Читать книгу The Romance of Modern Geology - Edwin Sharpe Grew - Страница 11
EFFECTS OF WEATHER ON THE EARTH'S HISTORY
ОглавлениеThe same causes that produced the layers of peat or sand, or limestone, or clay, which we find by examination of the earth's surface, are acting to-day. Coal is forming now; and so is limestone; and so is sandstone; so even is granite. But these layers or strata form very slowly, so that since man has kept historical records the thickness of new strata laid down could be measured in inches. Consequently we are only able to see the beginnings of the processes. After the materials were laid down by water or the shifting winds, or by the decay of other materials already in position, they underwent various changes. For example, many layers, instead of consisting of loose materials such as gravel, sand, or mud, are now hard stone. Sometimes this consolidation has been the result of pressure. As bed was piled over bed those at the bottom would be more and more compressed by the increasing weight of those laid down upon them; the water would be squeezed out; the particles would stick closer together. Mud, for example, might thus turn into clay; and clay, pressed harder and harder, might be converted into mudstone or shale. But there is another agency at work. We have all seen mortar hardening and binding bricks together; or cement hardening into concrete. Similarly sedimentary deposits are bound together by cements, of which there are many which exist naturally. For example, silica is a natural cement; and so is carbonate of lime; and so is peroxide of iron. All these will bind other particles together. But how do they arrive at the layers of particles? By the same action which lays down the particles themselves. They are rubbed off the places where they exist by the wind or by water. Perhaps they were laid down among the deposited particles of mud or sand. Perhaps they were brought to them by streams or rivers or lakes, and sank with the water into them. In a red sandstone, for example, the quartz grains of the rock may be often observed to be coated with earthy iron peroxide, which serves to bind them together into a rather hard stone. On the other hand, the process is often being reversed. The weather frequently conspires by frost and wind and rain to remove the binding cement, and thereby to allow the stone to return to its original condition of loose sediment.
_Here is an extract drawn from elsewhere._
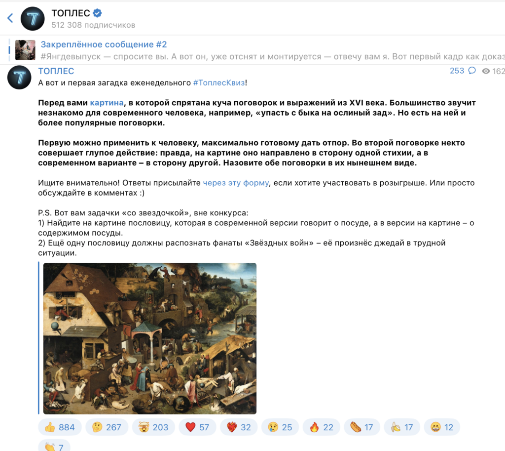 Отличный способ поиграть с аудиторией — дать пользователям задачку или загадать загадку. Главное — придумать что-то по-настоящему интересное, то, что не лежит на поверхности и известно немногим. Так делает канал «Топлес» — авторы используют не простые викторины, а целые задания, над которыми придется поломать голову. Например, читателям нужно найти пословицы, которые спрятаны в картине Питера Брейгеля.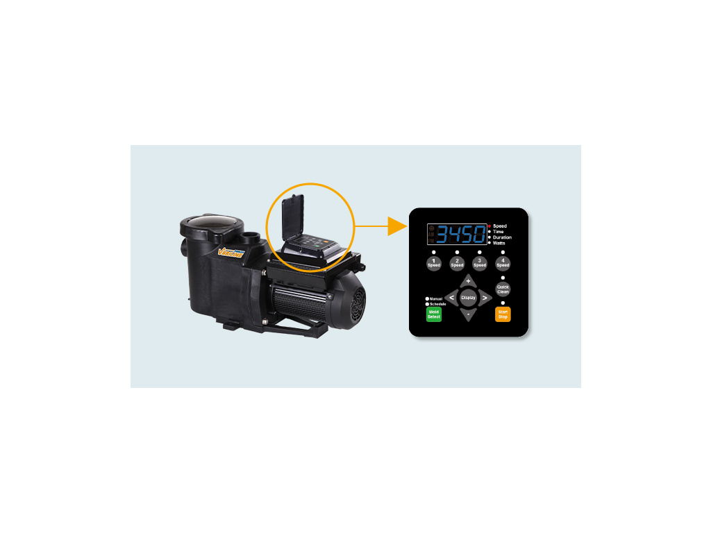 Filtrační čerpadlo Variline pracuje se 4 programovatelnými rychlostmi, které přizpůsobují průtok filtrace v závislosti na ročním období a využití vašeho bazénu: mimo špičku, při intenzivním používání, po šokovém čištění nebo pro zpětný proplach. Program se nastavuje jednoduchým stisknutím tlačítka na ovládacím panelu, aby bylo používání tohoto filtračního čerpadla pro bazén intuitivnější.

One of the Colossal Natural Bridges of Utah
This is an instance in which water has hollowed out the lower strata, leaving a harder upper stratum partially intact.
For millions of years the winds have blown over the surface of the earth, the rain has fallen on it, the sun heated it by day, the frost cracked it. Consider the winds that have circled the earth. All movements of the air are due in the first place to the sun which heats the atmosphere and causes it to expand. The sun's rays passing through the air do not heat it at once, or directly, but heat the land and the sea, which absorb some of the rays and reflect others and so warm the air in contact with them. But, as will readily be understood, the land and the sea do not absorb and reflect the heat rays in the same way or to the same extent; nor do the sun's rays fall equally or constantly on all portions of the earth's surface. So that from various causes one part of the earth is always being warmed in a different way from other parts, and the air above the earth is being warmed in an immeasurable number of different ways. Even if the earth's surface were all water or all land, we should expect therefore that there would be movements of the air due to unequal heating. If, however, the earth's surface were quite even and uniform, we should expect that there would be a certain evenness and uniformity about the movements of the air. These movements would be due partly to the regular heating and regular cooling of the surface, and partly due to the fact that the earth is spinning round taking the air with it—but not taking it quite evenly. The air does not fit tightly on to the earth. It is rather like a loose, baggy envelope with a tendency to slip as the earth moves round. Furthermore, a point situated on the Equator has much farther to travel in twenty-four hours as the earth spins round than a point situated in the Arctic Circle, where a tape measure placed along one of the parallels of latitude (let us say the eighty-sixth parallel, where Nansen turned back in his search for the Pole) would show the earth's girth there to be, not twenty-four thousand miles, but only so many hundreds. This also would make a difference in the way the air would be whirled round the earth; but we could take this point into consideration, and should be able, if, as we have said, our earth were quite uniform, to say always and at all times of the year in what direction the prevailing wind should blow.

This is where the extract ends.